Just for fun I ran a calculation to see what would happen if instead of paying a Social Security Tax, someone invested that money in a Mutual Fund. There are many Mutual Funds that have been around for several years and have averaged 12% growth over that time. As I am writing this, I have in my hand a printout from June 2007. This particular fund began in 1934, has had growth in 60 years and lost money in 12 years and the average growth of the fund is 12.84%. Now over the last 2 years this fund has lost money but it is still averaging in the 12% range.
Here is how I calculated. I took a 65 year old man that was going to retire in 2009. He began working at age 18 in 1962. He made minimum wage every year. I found the minimum wage history at http://www.dol.gov/esa/minwage/chart.html and the Social Security Tax rate by year at http://www.ssa.gov/OACT/ProgData/taxrates.html I also used 11.4% growth on the Mutual Fund. I calculated the Mutual fund as having growth in 7 out of 10 years, with 2 years each decade as back-to-back losses.

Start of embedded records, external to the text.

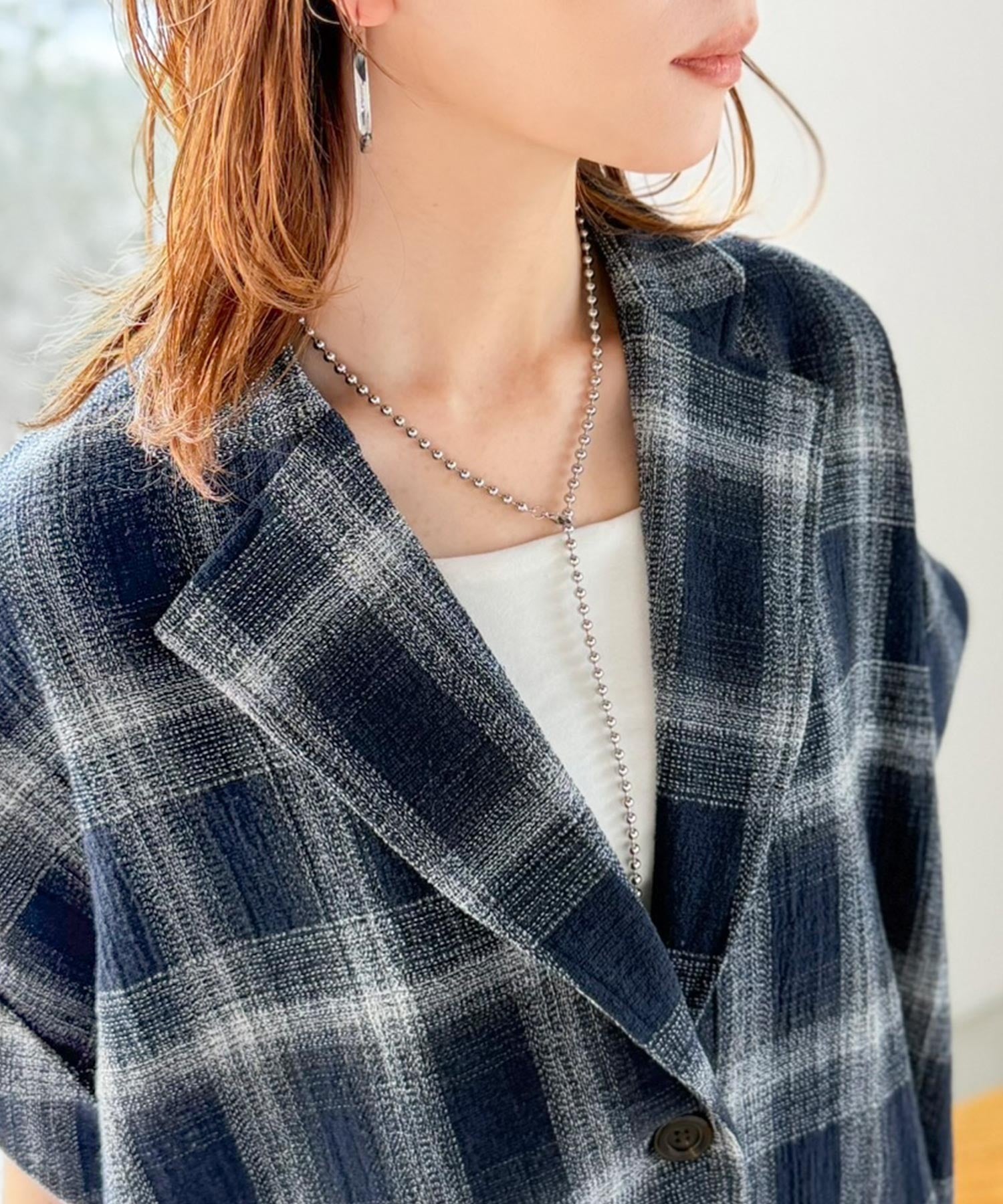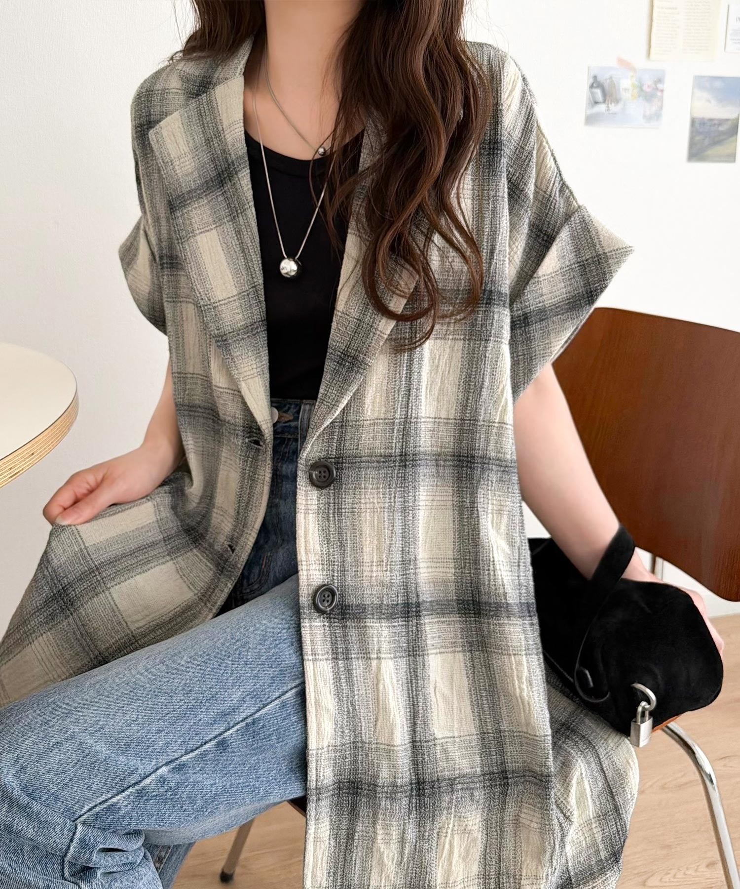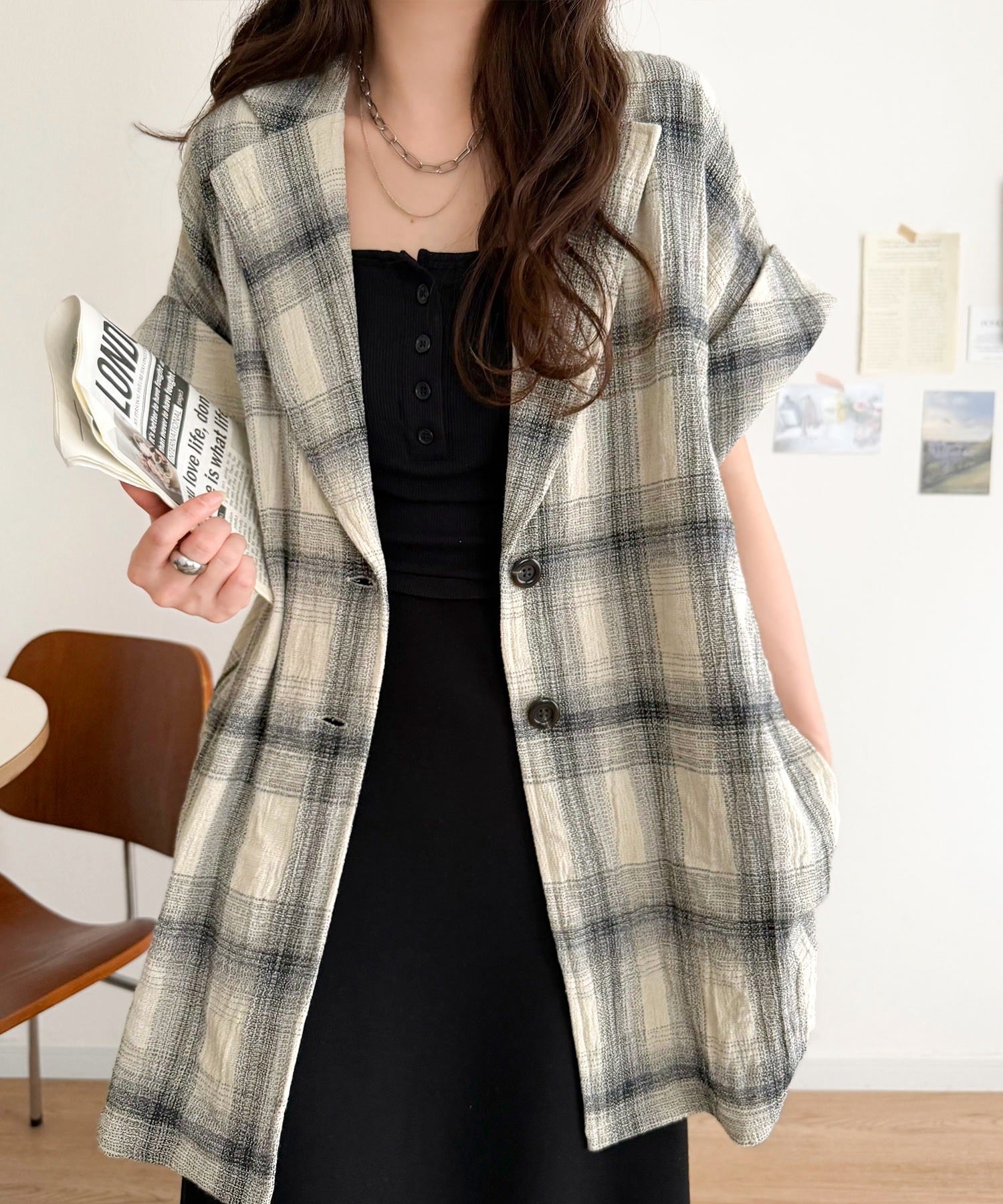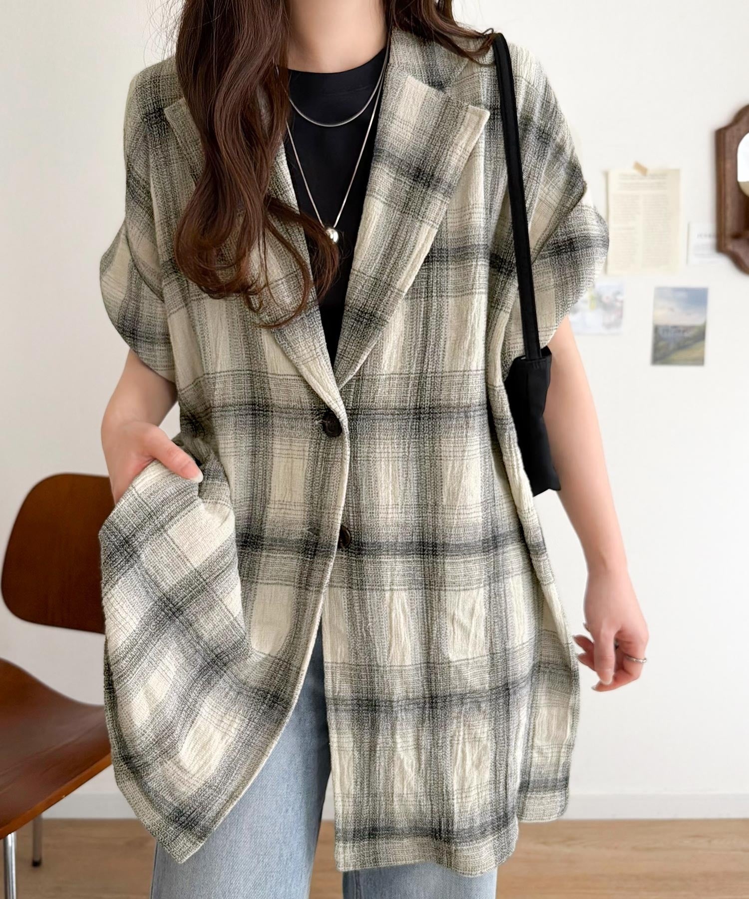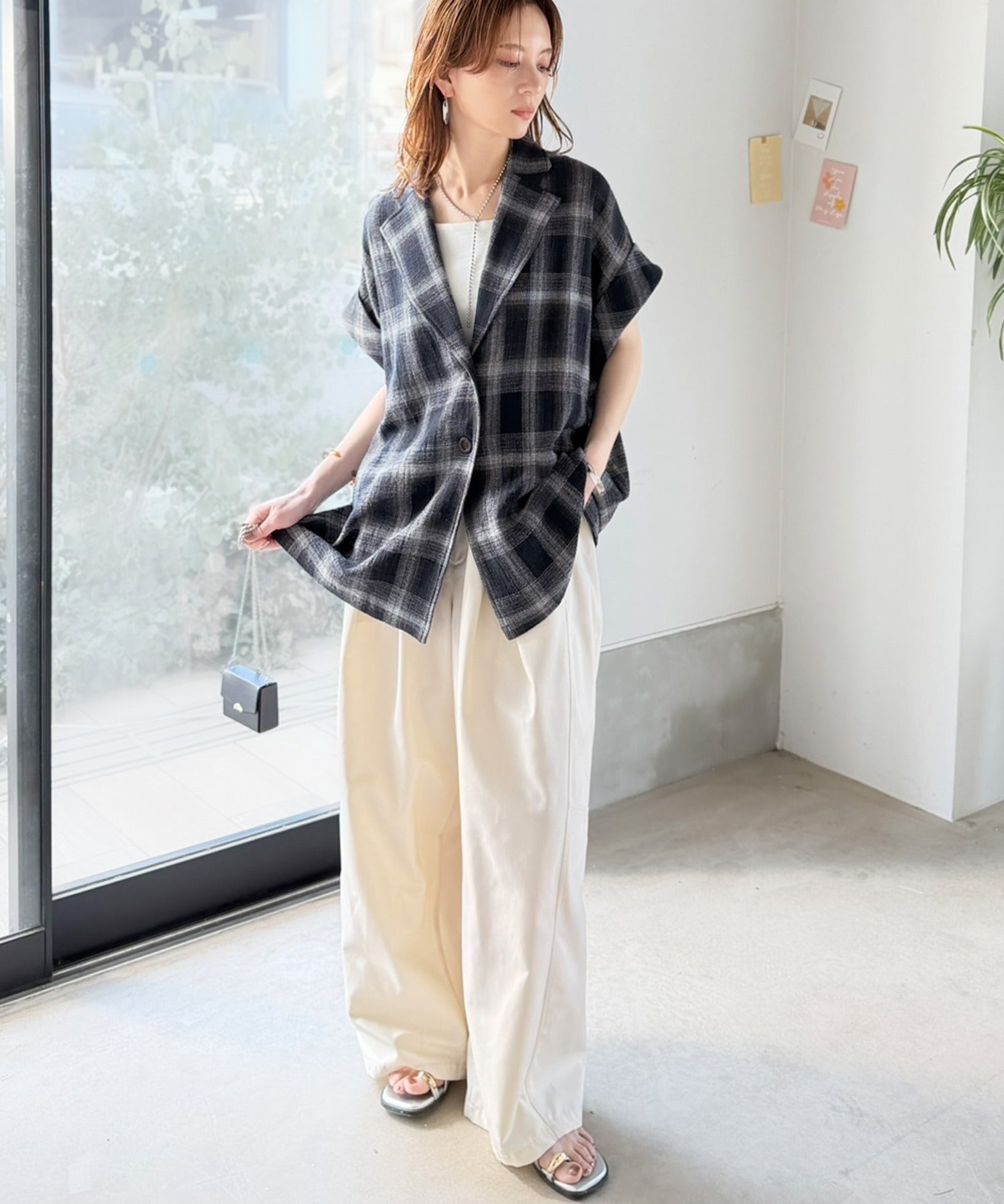 軽やかに羽織れて大人カジュアル映え。パナマ風チェック半袖ジャケット ce1010592
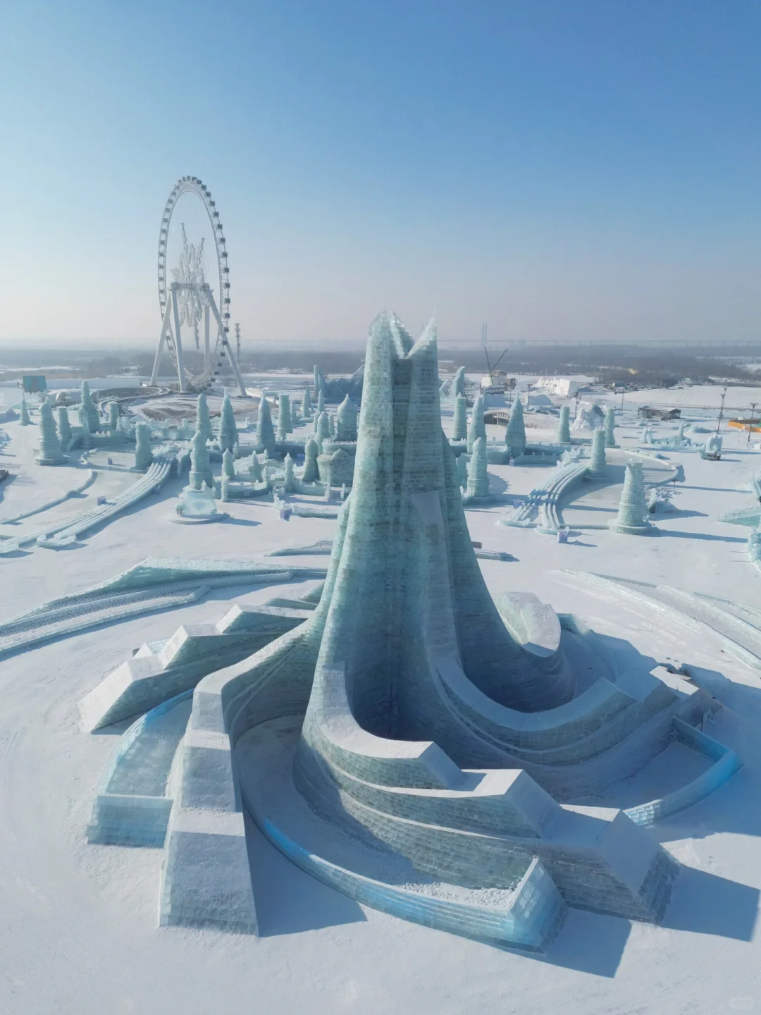 4️⃣冰雪大世界9:30前排队10:00入园,先冲大滑梯再冲摩天轮,去晚了要排3个小时不划算
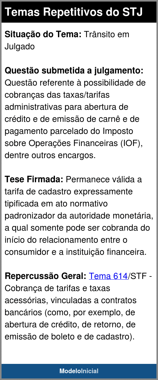 Repercussão Geral: Tema 614/STF - Cobrança de tarifas e taxas acessórias, vinculadas a contratos bancários (como, por exemplo, ?de abertura de crédito?, ?de retorno?, ?de emissão de boleto? e ?de cadastro?).
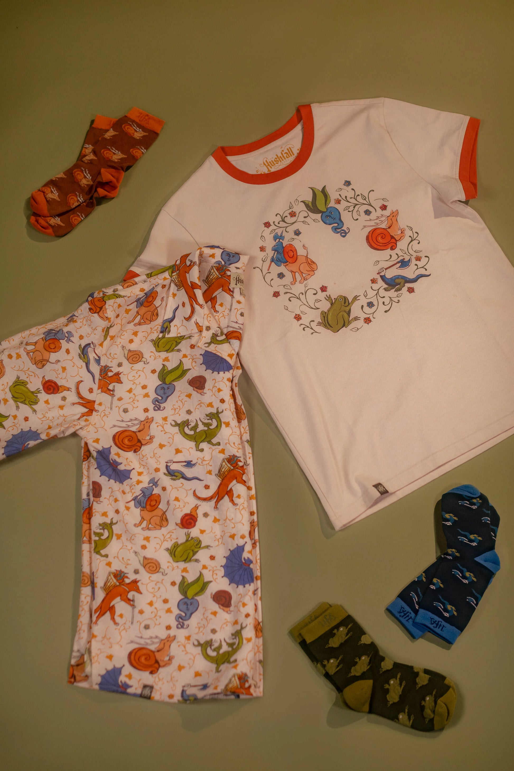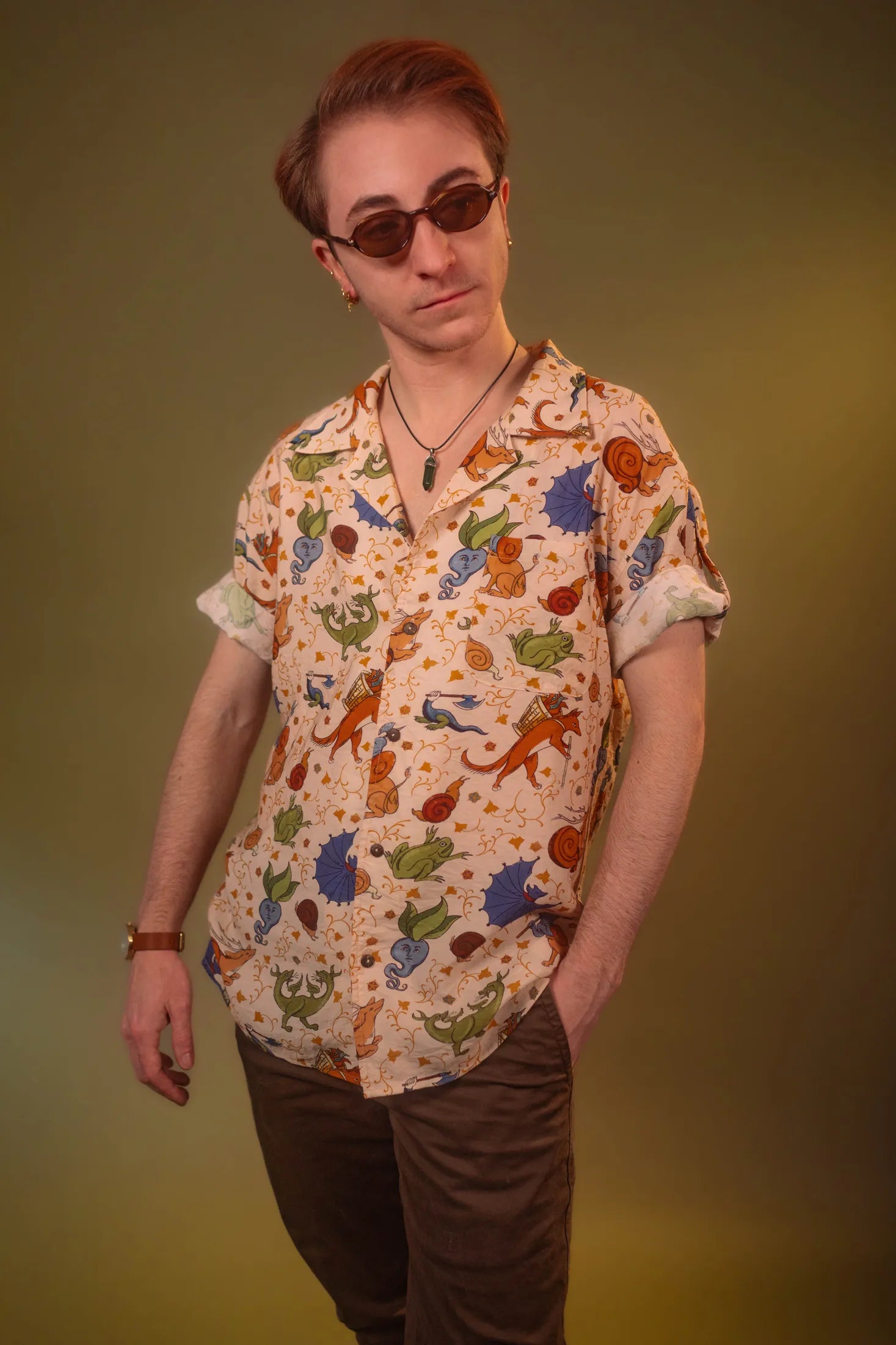 Get whimsical with it in this cotton-tencel camp collar shirt. Silly creatures from the margins of medieval manuscripts, sourced between the 14th and 15th centuries, adorn breezy fabric designed to keep you cool and comfortable. Generous sleeves can be worn up or down with built-in roll-tab design. Medieval creatures sourced from actual manuscripts, illustrated in tandem by our Artisan and Caitlyn Bidwell. Pairs wonderfully with our Illuminated Corduroy Overshirt.
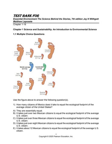 TEST BANK FOR Essential Environment The Science Behind the Stories, 7th edition Jay H Withgott Matthew Laposata Chapter 1-18 Chapter 1 Science and Sustainability: An Introduction to Environmental Science 1.1 Multiple Choice Questions
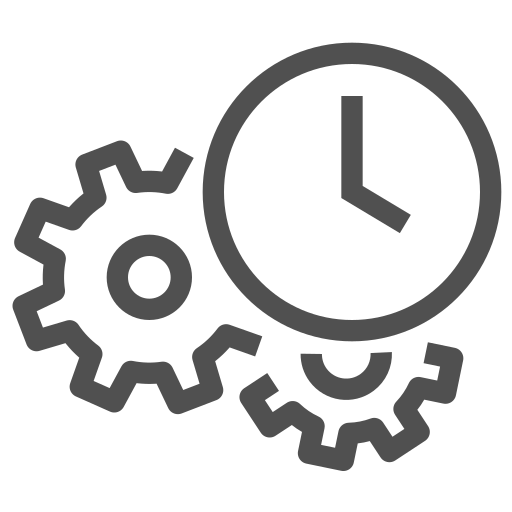 outline simple icon: clock, efficiency, gears, planning, productivity
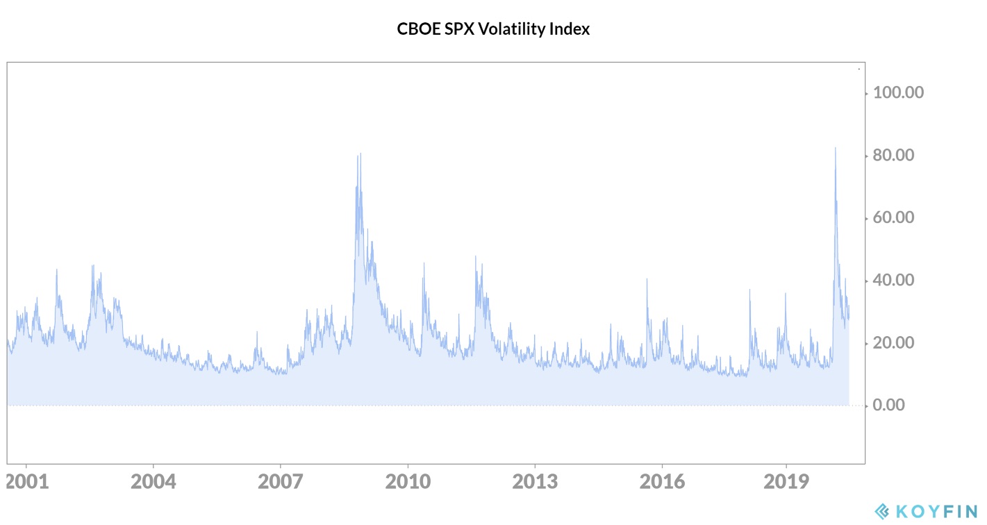 Each strategy allows the owner to continue holding the stock while providing some downside protection against a stock’s decline. However, these strategies are not tax-efficient and are complicated, so working with an expert is essential. Both puts and certain types of collars would have been extremely expensive to implement during the recent market crisis because market volatility is a factor in options prices. See the below chart of the VIX (volatility index) during peak crisis. However, in some instances, these strategies can make sense.
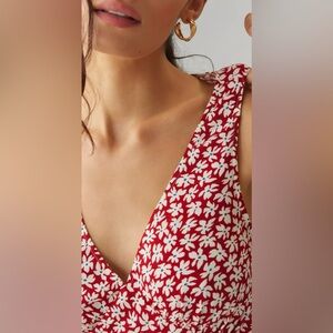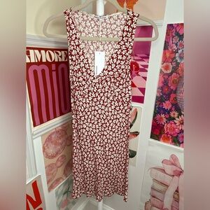 Chic floral dress with a burgundy and cream pattern. Ideal for any occasion.
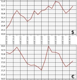 На торгах межбанковской валютной биржи 1 июня средневзвешенный курс доллара США с расчетами "завтра" поднялся более чем на 40 копеек - с 30,8142 рубля до 31,2154 рубля. Средневзвешенный курс евро по итогам ЕТС вырос до 38,0255 рубля, что на 13 с небольшим копеек выше предыдущего результата торгов (37,8905 рубля 31 мая).

After plugging in these figures and finding what his average annual earning were, I went to http://www.ssa.gov/cgi-bin/benefit6.cgiand calculated his benefit. He would receive $846 per month at age 64 and 8 months. Had he invested the money that he was using to pay the Social Security Tax into a Mutual Fund that averaged 11.4% growth, he would have $184,492 in the fund. If it was earning 11.4%, he could leave 4.4% every year to cover for inflation and just take out the 7% growth every year. That means he would be withdrawing $184,492 X 7% = $12,914 annually or $1,076 per month. This man would also be able to withdraw to compensate for inflation each year.
As you can see from this example, this guy would make about $200 more per month if he did not have a government run Social Security program. That is based on him only making minimum wage throughout his life! The results would be much more drastic if he made more money.
Another thing to consider is when he dies. Under the current Social Security plan, his beneficiary will get $255. If he had invested in Mutual Funds, his beneficiary would get the amount in the fund. In this example, had he died at age 65, that would mean his beneficiary would have gotten over $184,000! Which would be better $184,000 or $255? I think the answer is obvious.
It is time to privatize or eliminate Social Security.